Contudo, sua reprodução sempre foi um enigma, que atormentou pesquisadores e filósofos por anos. Neste artigo, falaremos sobre como essas incríveis criaturas se reproduzem.
O mistério milenar da reprodução das enguias
“Todas as questões importantes foram resolvidas, exceto o enigma das enguias”, disse o biólogo alemão Max Schultze em seu leito de morte em 1874.
Isso porque, até aquele momento, ninguém tinha visto enguias se acasalando, nem identificado seus órgãos reprodutivos. Isso incomodou os pensadores, desde de a antiguidade, pois a enguia era um ser que simplesmente surgia do nada!

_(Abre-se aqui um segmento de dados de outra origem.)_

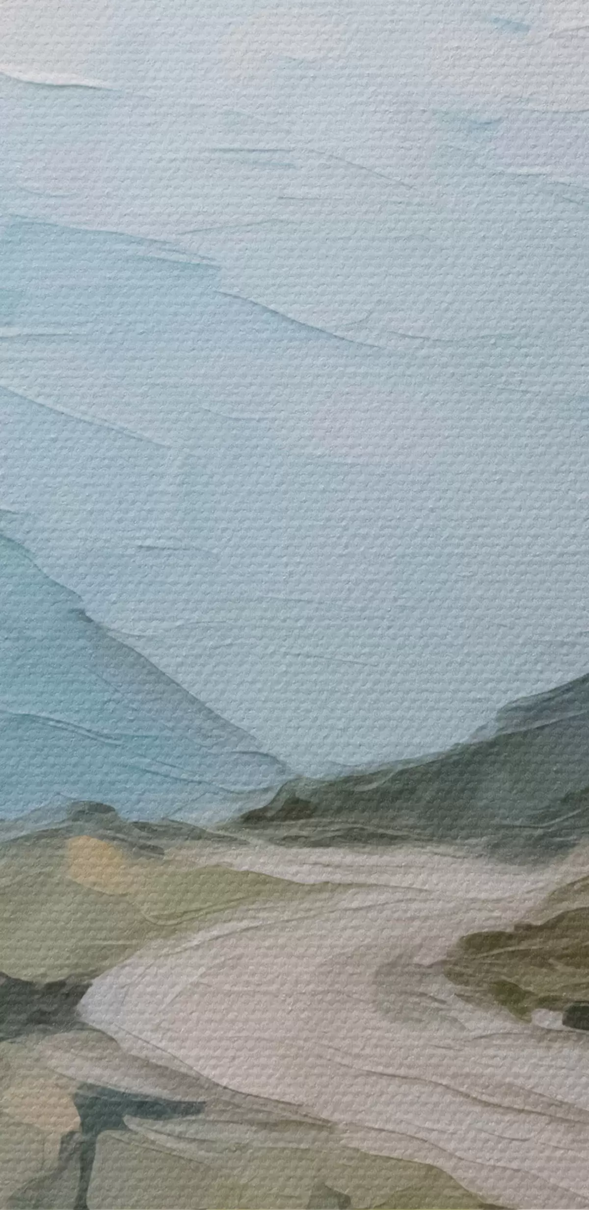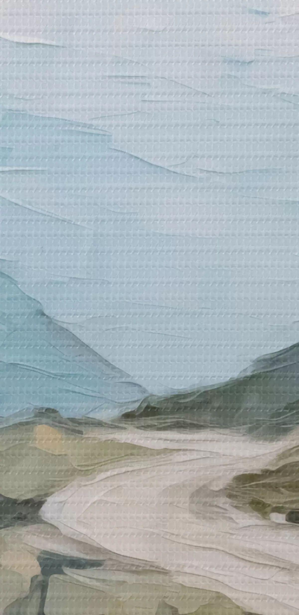 Het schilderij kan direct na ontvangst worden opgehangen. Het schilderij wordt opgespannen op een 2 cm breed houten spieraam.

O filósofo grego Aristóteles, por exemplo, após procurar em vão pelos órgãos reprodutivos do peixe, concluiu que “a enguia não é macho nem fêmea e logo não pode gerar nada”. Diante disso, ele estabeleceu que a enguia era uma das poucas criaturas que devia sua existência não à reprodução sexuada, mas à geração espontânea. “Assim como as moscas emergem do esterco, as enguias surgem espontaneamente da lama e do solo úmido”.
Devido às dificuldades técnicas para se investigar corretamente o animal, muitos pensadores contemporâneos seguiram as ideias de Aristóteles até pouco tempo.

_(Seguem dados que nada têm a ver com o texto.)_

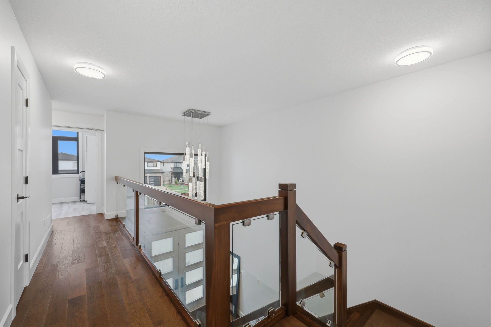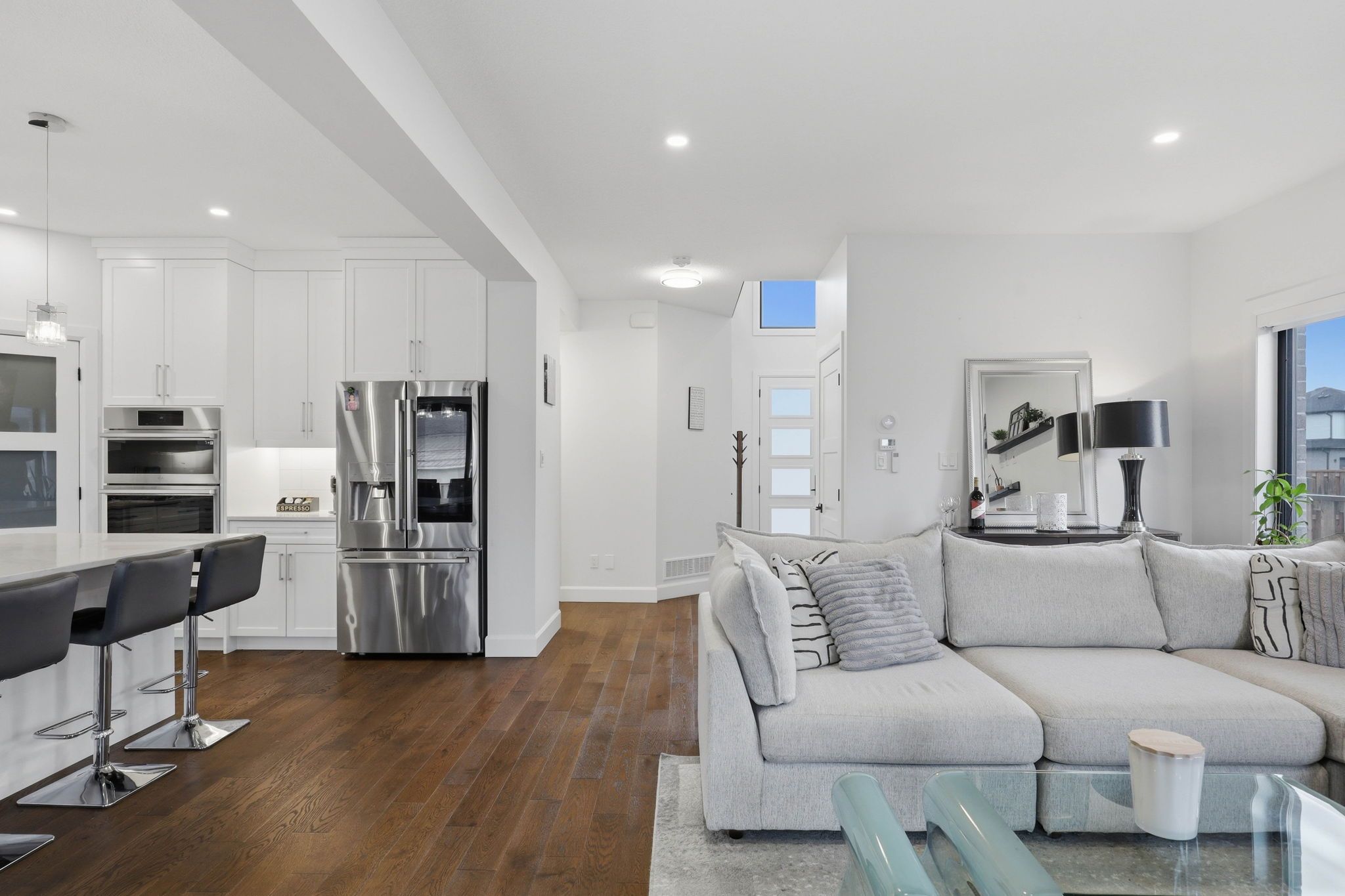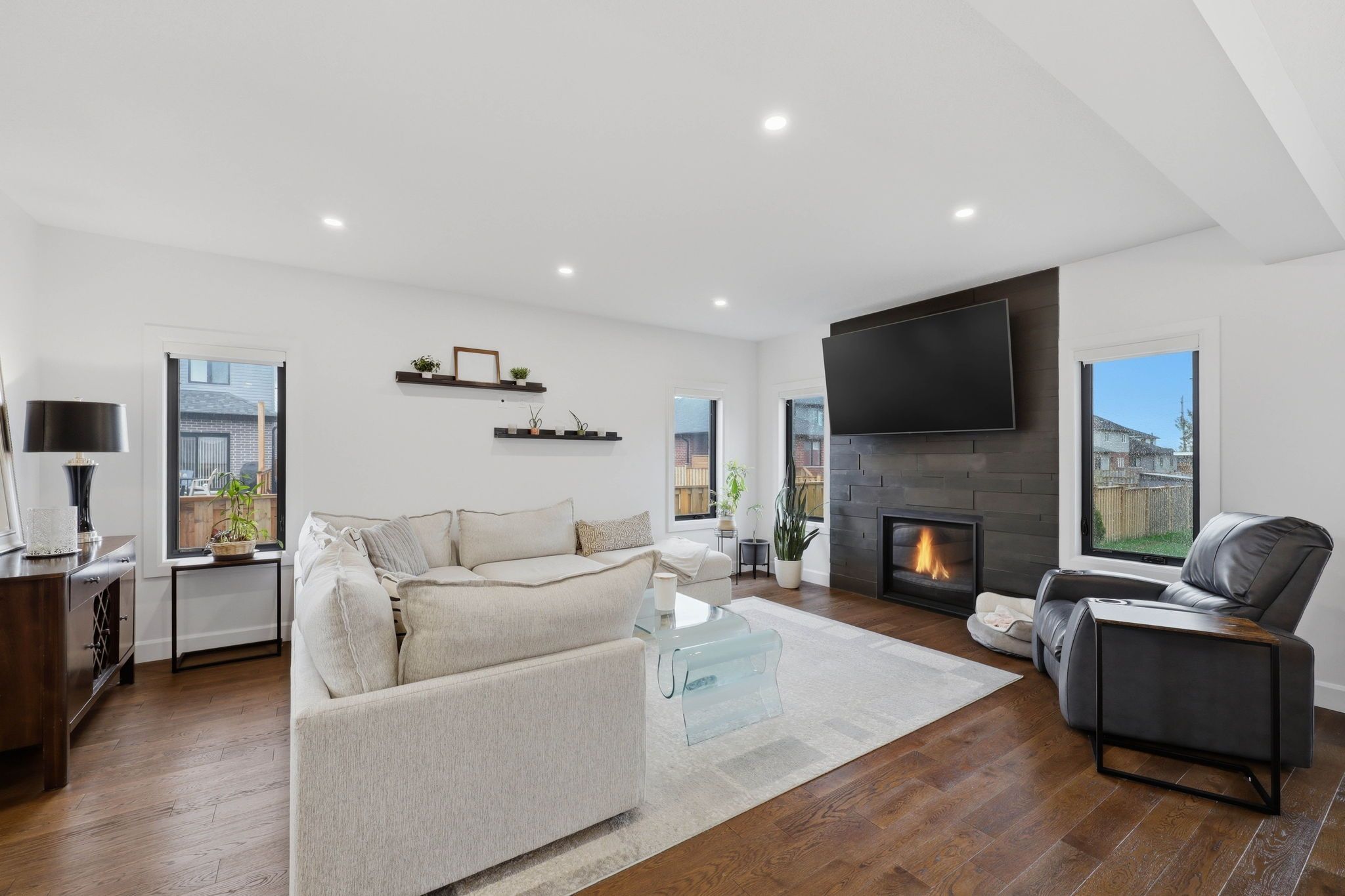 • Bright open concept main floor with large windows and a cozy fireplace.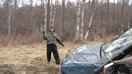 Юра Чижиков дважды разулся,согнул рулевую тягу и согнул два джека, мы решили заночевать прямо на склоне.

A ideia de que as enguias podiam existir sem a reprodução sexual se popularizou na Europa o que tornou esses peixes muito populares na Quaresma (40 dias do calendário cristão, que são dedicados à preparação espiritual para a Páscoa, onde os desejos sexuais devem ser suprimidos). Acreditava-se que o consumo de carnes vermelhas aumentava a luxúria, enquanto que os peixes não estimulavam a libido da mesma maneira. Entre os peixes preferidos, as enguias eram o prato perfeito, pois eram assexuadas e adequadas para se manter o controle dos desejos.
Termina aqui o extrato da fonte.